_TASK GOAL_
The result should hold only the lines from the one with "In 1949, the" through the final line of the data below, transcribed exactly, pictures left out.

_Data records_
=====

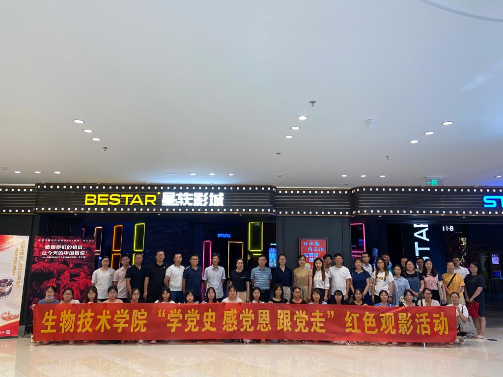 为庆祝建党100周年,深入推进党史学习教育,7月7日,生物技术学院党委在吾悦广场星轶影城组织开展“学党史、感党恩、跟党走”红色观影活动,重温红色记忆,传承革命精神。学院师生党员、党外代表人士、民主党派人士近50余人一同观看献礼建党100周年影片《革命者》。
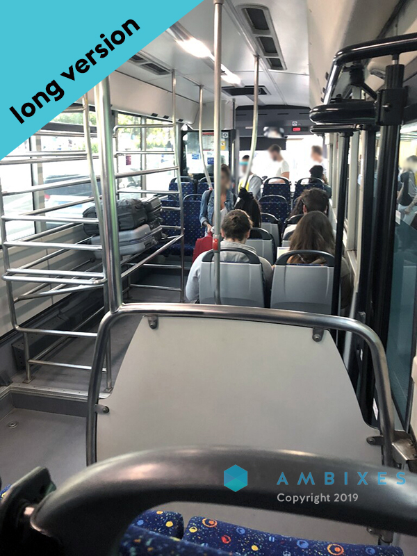Bus ride, 9 stops, bumpy road, many passengers, talking, German, Italian, Spanish, bus stops, doors opening and closing, people getting on and off, ventilation on and off, long version, Ibiza, Spain
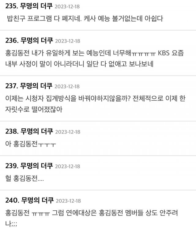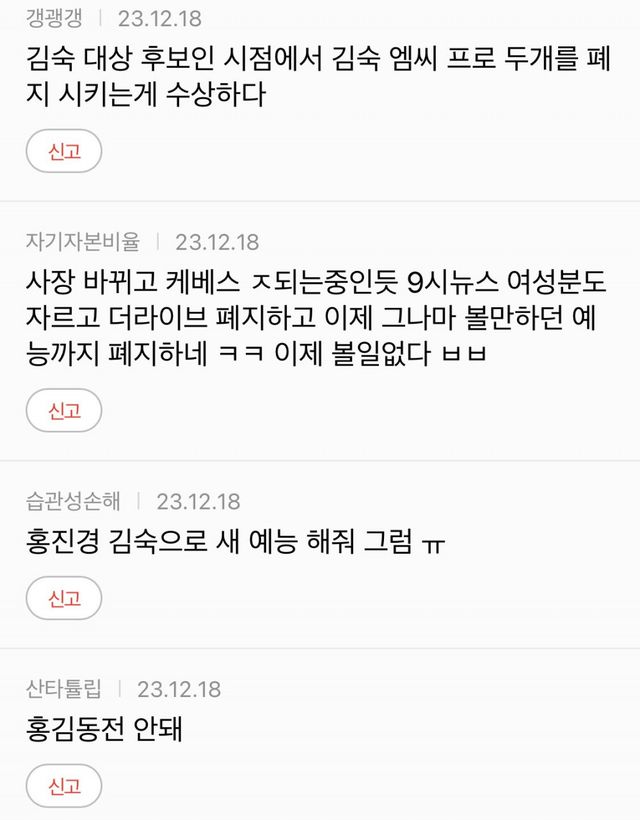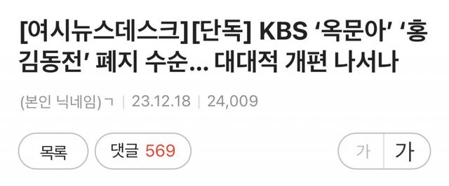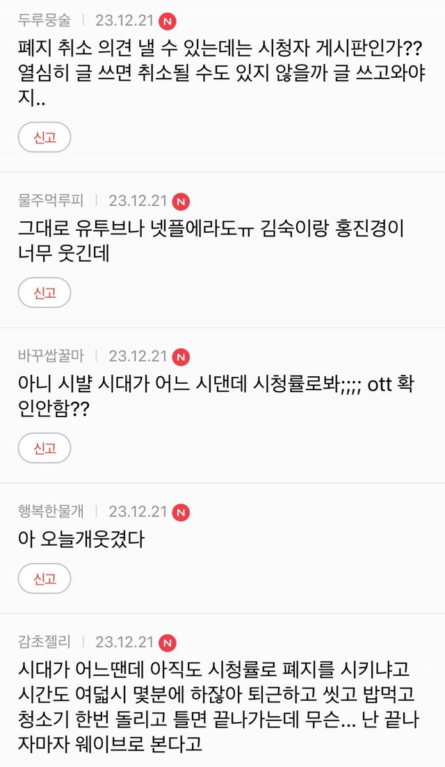 댓글 반응보면 요즘 K사에서 이것만 보는데 왜 폐지하냐는 반응이 꽤 많음….(물론 이해된다, K사가 많이 기다렸다는 반응도 있음)
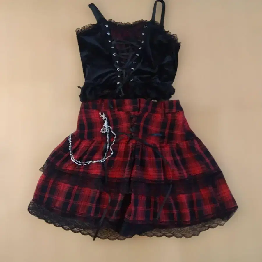 미사미사 코디 블랙/레드 체크 무늬 미니 스커트 벨트&초커 포함
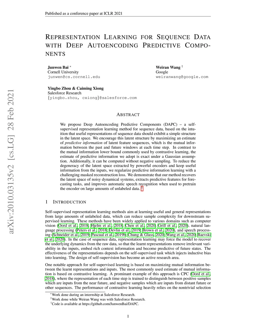 We propose Deep Autoencoding Predictive Components (DAPC) -- a self-supervised representation learning method for sequence data, based on the intuition that useful representations of sequence data should exhibit a simple structure in the latent space. We encourage this latent structure by maximizing an estimate of predictive information of latent feature sequences, which is the mutual information between past and future windows at each time step. In contrast to the mutual information lower bound commonly used by contrastive learning, the estimate of predictive information we adopt is exact under a Gaussian assumption. Additionally, it can be computed without negative sampling. To reduce the degeneracy of the latent space extracted by powerful encoders and keep useful information from the inputs, we regularize predictive information learning with a challenging masked reconstruction loss. We demonstrate that our method recovers the latent space of noisy dynamical systems, extracts predictive features for forecasting tasks, and improves automatic speech recognition when used to pretrain the encoder on large amounts of unlabeled data.
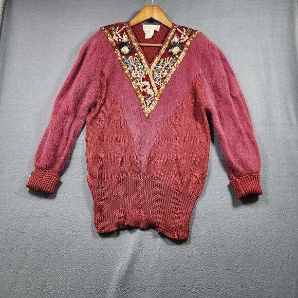 Vintage 80s Shannan Womens Sweater Large Angora Wool Garnet Red Sequin Beaded
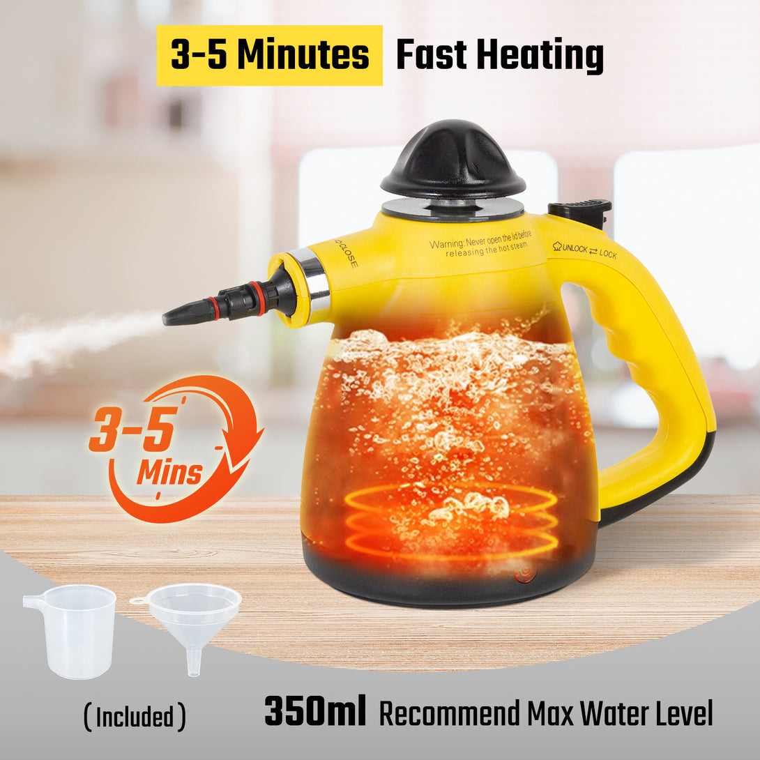 A : Le nettoyeur vapeur dispose d'un réservoir d'eau de 450 ml avec une capacité de remplissage maximale recommandée de 350 ml.
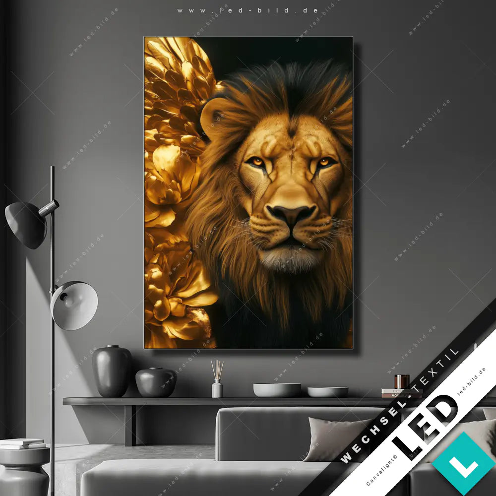 Aber Achtung, Suchtgefahr! Das Wechselmotiv Raubkatze im Goldglanz im trendigen Modern Art, Floral Stil mit Details wie Raubkatze, Löwe, Afrika, Dschungel, Lion, Blumen, Blüten, Tierporträt, Flügel zieht alle Blicke auf sich. Worauf wartest du noch? Hol dir dein Tierwelt, Blumen - Botanik Wechselmotiv und lass dein LED-Wandbild zum absoluten Highlight werden!
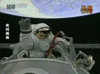 "Me siento bien, y saludo al pueblo chino y a la gente de todo el mundo", declaró Zhai mientras abandonaba la Shenzhou VII, la tercera nave espacial tripulada del país asiático, ataviado con el traje espacial Feitian, de fabricación china.
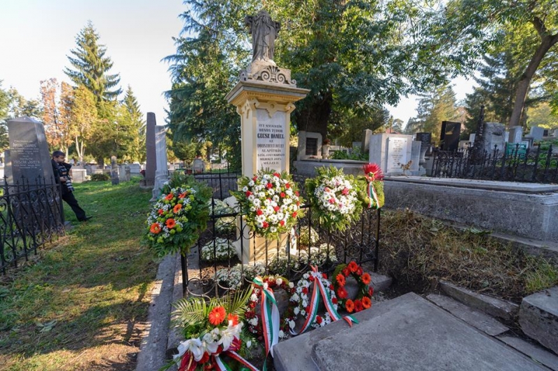 A finom gulyás illata mindenkit kicsalogatott a szobájából, így a több mint 70 főre előkészített asztalok és padok roskadásig teltek. A jó hangulatú estét szombat délelőtt folytattuk. A Kollégiumtól együtt sétáltunk a Marosvásárhelyi Református Temetőkertbe, ahol kezdetét vette az ünnepség, megemlékeztünk névadónkról, a 250 éve született dr. Gecse Dánielről. Az áhítat, köszöntőbeszédek, szavalatok, kórusművek, áldás meghallgatása utána dr. Gecse Dániel síremlékéhez vonultunk, tiszteletünket pedig koszorúkkal fejeztük ki. Ezt követően meghívott vendégeinkkel közösen a Kollégium nagytermében állófogadásunk vettünk részt.
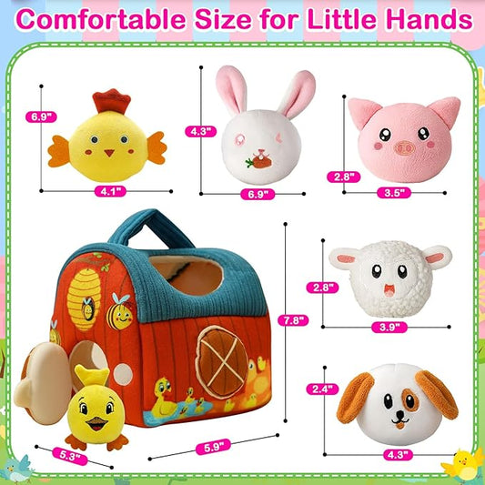 Baby Toys 6-12 Months Plush Barn with Stuffed Farm Animals Crinkle, Rattle & Mirror Montessori Toys Developmental Sensory Toys for 6 Month Old Boys Girls Babies & Toddlers
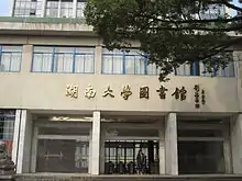 In 1949, the name Hunan University was again adopted, and the calligraphy of "Hunan University" was written by Mao Zedong in 1950 as soon as the People's Republic of China was founded.[4][6]
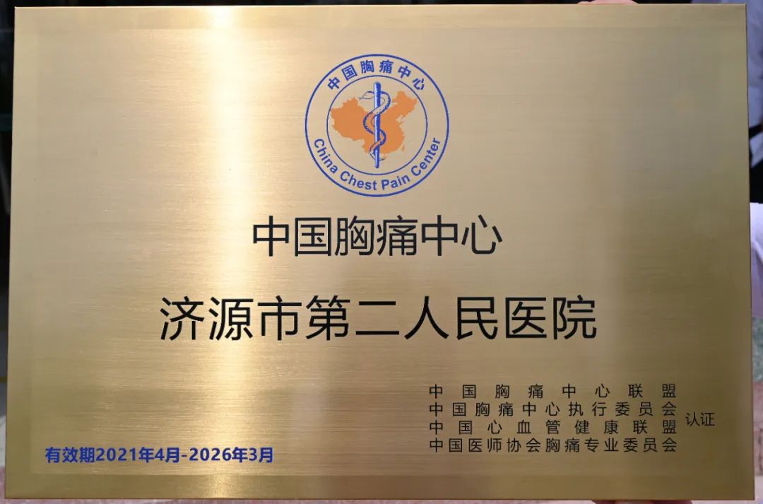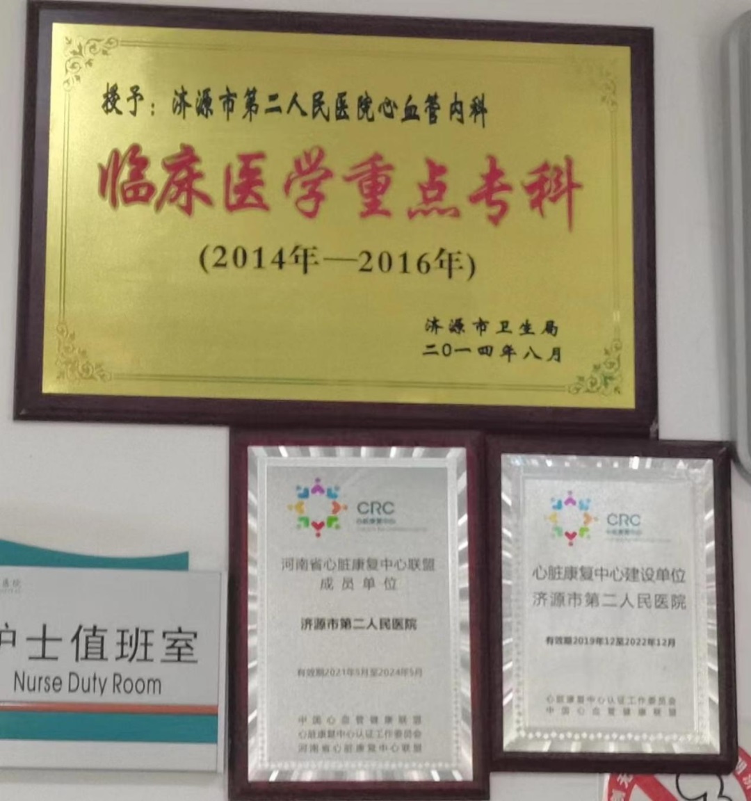 为更好突出心血管专科建设,更好服务济源人民,经全体医护人员努力,2014年内一科成为济源市重点心血管专科,2016年成为全国胸痛中心的一员,而且是济源市第一家胸痛中心,2021年顺利通过胸痛中心再次认证。2022年通过房颤中心认证。2016年成立心血管重症救治单元(CCU)。胸痛、房颤中心的认证,使济源人民的相关心血管疾病救治更加规范、合理,后续我们还要通过心衰、高血压救治中心的认证。

=====

_REPLY TO THE TASK_
 In 1949, the name Hunan University was again adopted, and the calligraphy of "Hunan University" was written by Mao Zedong in 1950 as soon as the People's Republic of China was founded.[4][6]
 为更好突出心血管专科建设,更好服务济源人民,经全体医护人员努力,2014年内一科成为济源市重点心血管专科,2016年成为全国胸痛中心的一员,而且是济源市第一家胸痛中心,2021年顺利通过胸痛中心再次认证。2022年通过房颤中心认证。2016年成立心血管重症救治单元(CCU)。胸痛、房颤中心的认证,使济源人民的相关心血管疾病救治更加规范、合理,后续我们还要通过心衰、高血压救治中心的认证。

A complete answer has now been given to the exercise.